INSTRUCTIONS FOR THE TASK: Before printing, remove every picture; then print the lines below exactly, from the first line through the line containing "NWT. Knee-length denim".

INFORMATION PROVIDED:
[Start of Attachment]
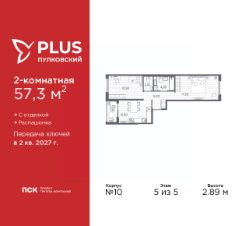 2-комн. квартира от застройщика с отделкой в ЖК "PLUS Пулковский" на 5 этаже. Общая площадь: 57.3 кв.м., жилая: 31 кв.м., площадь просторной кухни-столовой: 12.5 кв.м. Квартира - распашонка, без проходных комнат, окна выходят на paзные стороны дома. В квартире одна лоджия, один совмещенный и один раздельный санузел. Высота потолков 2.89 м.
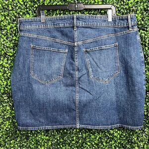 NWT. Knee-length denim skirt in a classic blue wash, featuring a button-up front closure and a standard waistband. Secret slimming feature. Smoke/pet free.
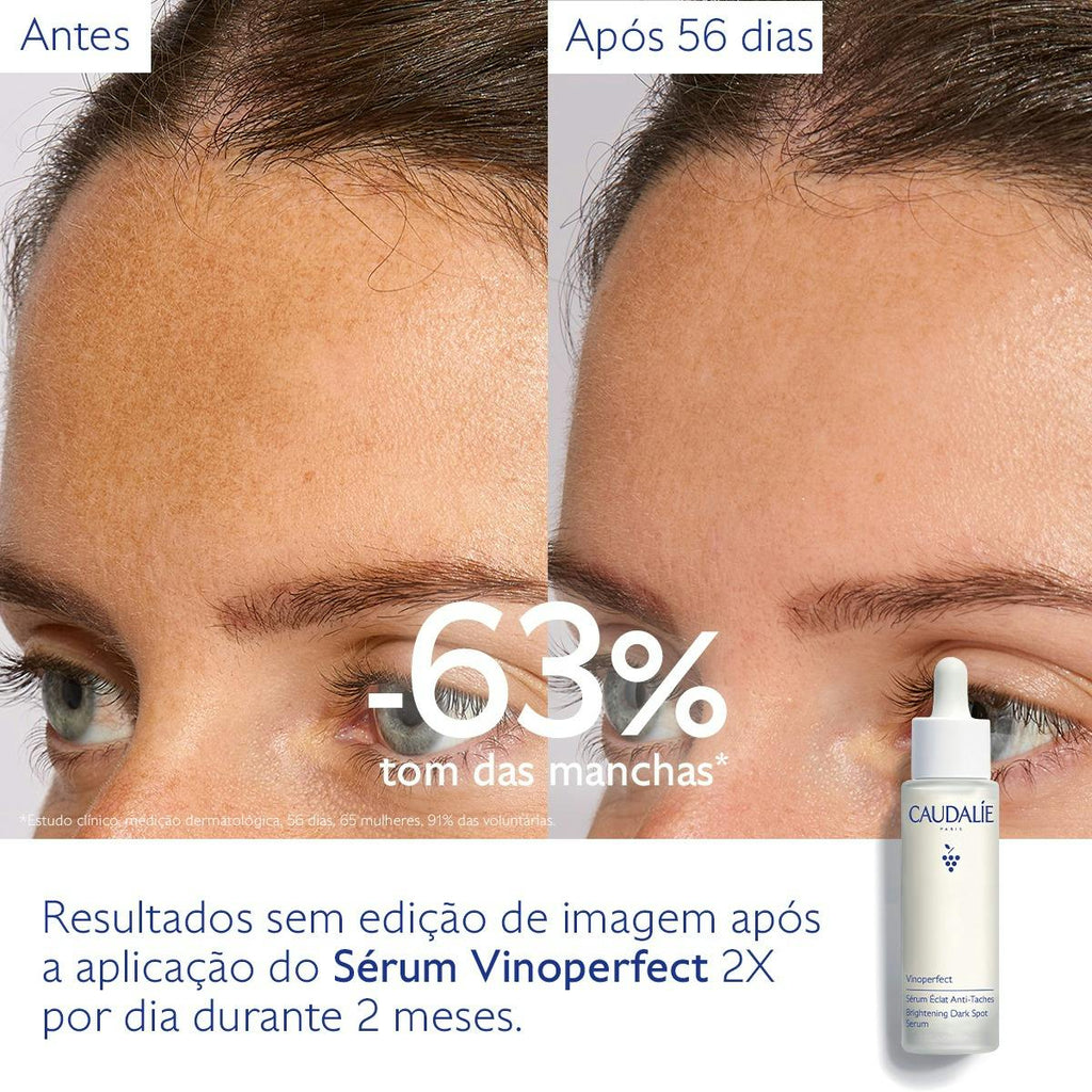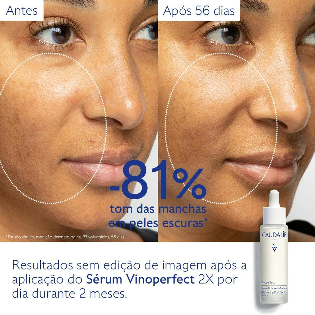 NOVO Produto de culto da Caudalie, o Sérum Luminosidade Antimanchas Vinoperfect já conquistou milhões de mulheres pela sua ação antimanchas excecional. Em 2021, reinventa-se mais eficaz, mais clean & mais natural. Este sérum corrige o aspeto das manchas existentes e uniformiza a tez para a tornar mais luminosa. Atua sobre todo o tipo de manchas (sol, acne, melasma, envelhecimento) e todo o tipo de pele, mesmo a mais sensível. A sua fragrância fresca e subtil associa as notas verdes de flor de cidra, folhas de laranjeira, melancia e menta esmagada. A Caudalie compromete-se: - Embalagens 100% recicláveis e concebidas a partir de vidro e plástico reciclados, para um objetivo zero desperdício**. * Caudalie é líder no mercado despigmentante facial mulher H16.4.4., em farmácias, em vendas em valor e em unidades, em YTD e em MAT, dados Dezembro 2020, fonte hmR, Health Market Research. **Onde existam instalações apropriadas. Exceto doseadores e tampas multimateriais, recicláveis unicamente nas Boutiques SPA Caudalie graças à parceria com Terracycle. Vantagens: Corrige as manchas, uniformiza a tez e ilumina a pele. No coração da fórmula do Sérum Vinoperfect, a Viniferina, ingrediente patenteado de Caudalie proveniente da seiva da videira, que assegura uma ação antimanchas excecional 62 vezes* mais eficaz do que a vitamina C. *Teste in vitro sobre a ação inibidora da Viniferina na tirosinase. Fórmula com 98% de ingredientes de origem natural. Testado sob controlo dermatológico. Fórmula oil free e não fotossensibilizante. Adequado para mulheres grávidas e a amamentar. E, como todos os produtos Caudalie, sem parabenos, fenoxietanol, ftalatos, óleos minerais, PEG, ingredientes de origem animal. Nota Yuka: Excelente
[End of Attachment]
EXERCISE SOLUTION:
 2-комн. квартира от застройщика с отделкой в ЖК "PLUS Пулковский" на 5 этаже. Общая площадь: 57.3 кв.м., жилая: 31 кв.м., площадь просторной кухни-столовой: 12.5 кв.м. Квартира - распашонка, без проходных комнат, окна выходят на paзные стороны дома. В квартире одна лоджия, один совмещенный и один раздельный санузел. Высота потолков 2.89 м.
 NWT. Knee-length denim skirt in a classic blue wash, featuring a button-up front closure and a standard waistband. Secret slimming feature. Smoke/pet free.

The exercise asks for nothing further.